松浦雅代さん『福島県を訪れて』(原発がこわい女たちの会ニュース第87号より)
 
 松浦雅代さんからお送りいただいた原発がこわい女たちの会ニュース第87号に、面の半分以上を割いて、松浦さんの福島県訪問記が掲載されていました。
 これだけ独立してお読みいただいた方が良いだろうと判断し、先ほどのニュース第87号に引き続いてお送りします。
 なお、今さら説明するまでもないとは思いますが、松浦雅代さんは、「原発がこわい女たちの会」代表、「子どもたちの未来と被ばくを考える会」共同代表を務めるとともに、様々な原発停止訴訟の原告団に加わるなど、長年にわたって「脱原発」と「いのち」に関わる活動に献身してこられた方です。
 

原発がこわい女たちの会ニュース NO87号・2013年12月27日発行
事務局〒640-0112和歌山市西庄1024-15 ℡・fax073/451/5960松浦雅代方
原発がこわい女たちの会ブログ http://blog.zaq.ne.jp/g-kowai-wakayama/
 
 
       福 島 県 を 訪 れ て
  
                       松 浦 雅 代
 
初めての福島訪問
 初めて福島県を訪れました。10月30日から11月2日までの3泊4日。
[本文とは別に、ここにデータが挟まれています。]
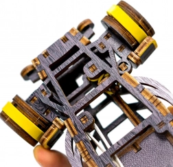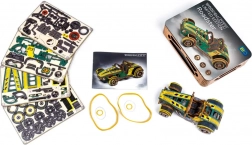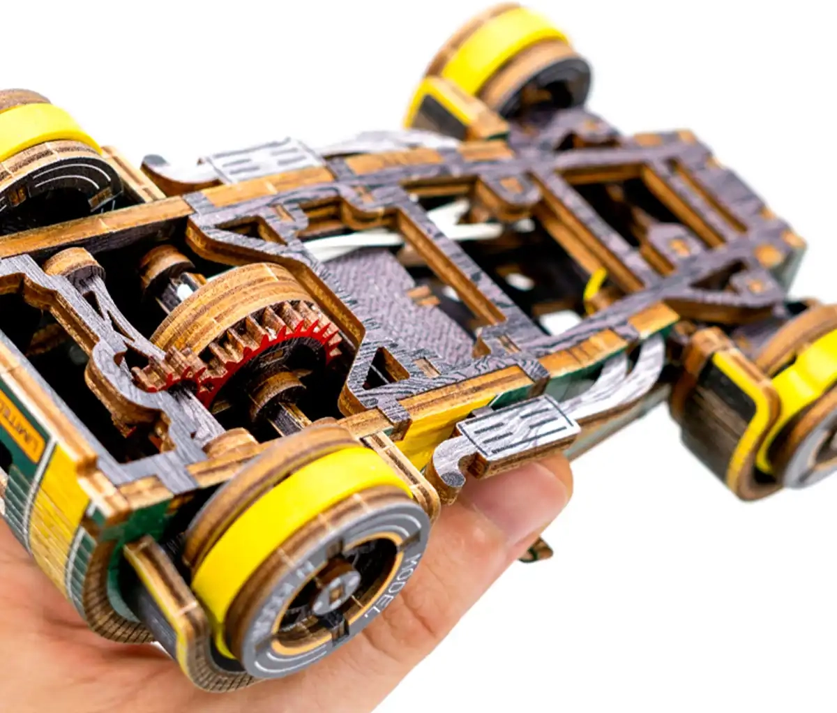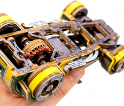 Modellen er udstyret med en gummimotor, som efter optræk kan køre cirka 1 m. Forakslen er styrbar, så du kan styre din roadster, som du vil. Den elegante trækasse med magnetiske clips fungerer ikke kun som gaveæske, men også som en praktisk stander til udstilling.

4日間とても良いお天気でした。
 昨年当会で講演して頂いた橘柳子さんを、現在お住まいの本宮市の仮設住宅
に訪ねました。
 
福島空港に着いて 
 福島空港と伊丹空港間で毎日5往復飛んでいるのがわかり、伊丹空港から福島
空港に約1時間で到着しました。
 飛行途中、機長から、飛行機は高度7000mを飛んでいます、紅葉した山々、雪
を頂いた富士山が見えます、とのアナウンスがあり、私は窓から下を見ていて、田畑や家が幾何学模様にきれいにいつまでも観れるので気になっていたところだったので納得しました。福島空港に5分早く着きました。
 福島空港からバスで郡山まで45分でした。郡山駅から東北本線で本宮まで約1
5分位でした。駅から橘さんの車ですぐに仮設に着きました。 
 
線量計の数値
 「女たちの会」所有の簡易空間線量計を持って行ったので、福島の飛行場の玄関先でバスを待つ間測定すると、思っていたより低く、和歌山と同じ位でしたので、まず安心しました。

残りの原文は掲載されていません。